Now, I’m not saying what others should do with their parents. It all depends on where you live, the state of the virus, and your parents’ situation. For example, we haven’t seen my dad since the pandemic began because his wife is immunocompromised, and that’s a risk we don’t want to take.

But as spring stretched into summer and many states loosened their restrictions, many grandparents came out of lockdown. For some of us on the East Coast, it was because the curve had been flattened and the risks had been reduced. Others — even in places where the numbers were climbing — took appropriate precautions, such as quarantining before visits with extended family. Plus, the balmier summer weather made it easier to plan outdoor gatherings and playdates, as the virus is harder to spread outdoors in non-crowded spaces.

“Until recently I’ve done nothing — they were in school,” Gail Simpson said of her grandchildren, who, like her, live in Los Angeles County. “Everyone was sheltering in place — they didn’t want to infect me with anything.” Her grandkids weren’t into talking online, however, or listening to her read them books, and the drive-by visits were short.

Then, at the beginning of the summer, after months of missing her grandkids, Simpson casually mentioned to a friend: “Maybe I’ll open a Camp Savta,” she said, using the Hebrew word for “grandmother.” That night, her daughter-in-law called: “I hear you’re opening a camp!”

So Simpson and her husband started taking care of each set of grandkids one day per week. Their days consist of hikes and treasure hunts in the morning, arts and crafts, lunch, swimming, and movie time in the afternoon.

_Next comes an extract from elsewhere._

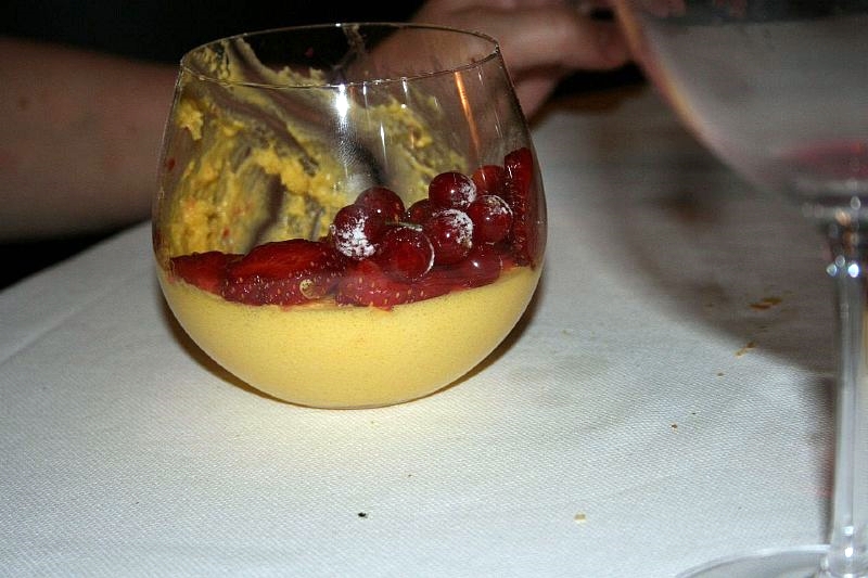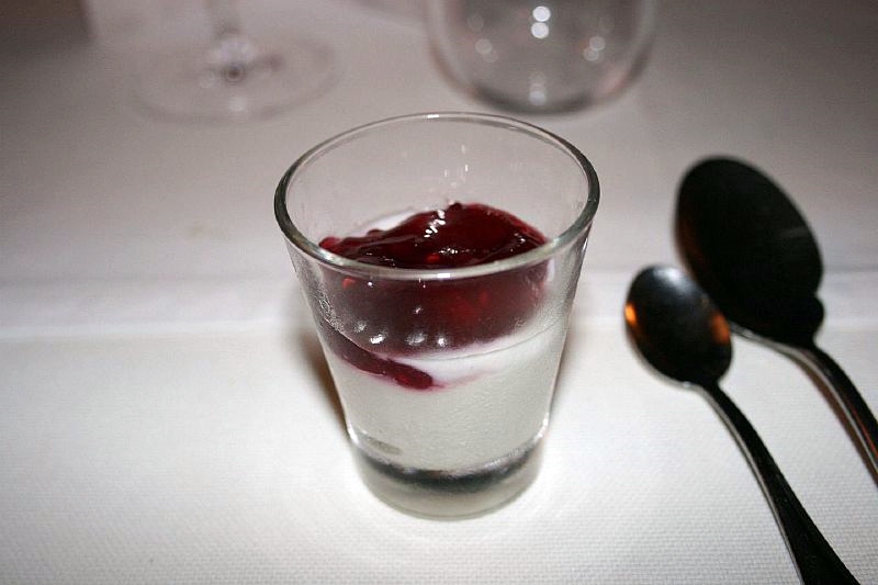 But they hadn’t finished with us. Next up were the pre-desserts, a portion of sweetened goats cheese, with a fruit sauce…

In my family, in June, we rented a house upstate for the month: my sister’s family, my family, and my mom. Judging by the way the kids flew into Grammy’s arms, I’d say it was a tie as to who was happier to see whom. And that’s not counting the two sets of really tired parents who had had no childcare for three months.

Is there a name for the blissful morning silence that follows three months of 6 a.m. wakeup cries of “why is no one plaaaaaying with me?”

The kids were downstairs, excited to wake each other up at what felt like the crack of dawn, and now they had their grandmother to make them cinnamon toast, referee their iPad fights, and who knows what else. (Remember: Don’t ask, don’t tell.) By the time us parents stumbled downstairs — having showered, brushed our teeth, and even brushed our hair — we all felt ready for our day in ways we hadn’t felt prior to the pandemic.

It was a peaceful, month-long reprieve from the drudergies of pandemic parenting and working from home in a small apartment. But for some people, of course, grandparents aren’t only emotional support or bonus caregivers — they are a necessity.

In March, Dana Trobe, a single mom in New York, was trying to work with her 4-year-old by her side. “I couldn’t work and ignore my kid all day — there was only so much TV she could watch,” she said. “It was untenable.”

So Trobe quarantined for two weeks and then went to Rye, New York, to live with her parents — her mom had just been in a car accident and also needed help recovering. “I really felt like there was no other option,” Trobe says. Her stepfather, a neurosurgeon who suddenly found himself at home because his elective surgeries were deemed “nonessential,” took on the bulk of the childcare while his wife recovered and Trobe worked at her human resources corporate management job.

“It’s an unintended but wonderful consequence,” says Jack Stern of grandparenting during the pandemic. He notes that his own grandparents died in the Holocaust and he only raised boys, so he’d never had time with preschool girls. “And particularly because she has no father, I play a huge role in terms of being the primary male figure in her life,” he says.

As New York flattened its curve, the situation became easier — especially as Trobe brought her nanny to Rye part-time, and her mother recovered. Still, Trobe plans to return to the city at the end of the summer so that her daughter can start school.

“I think she’ll remember this all fondly,” Trobe says of her daughter. “She’s never had this much of my attention, and she worships her grandparents. She’s in heaven.”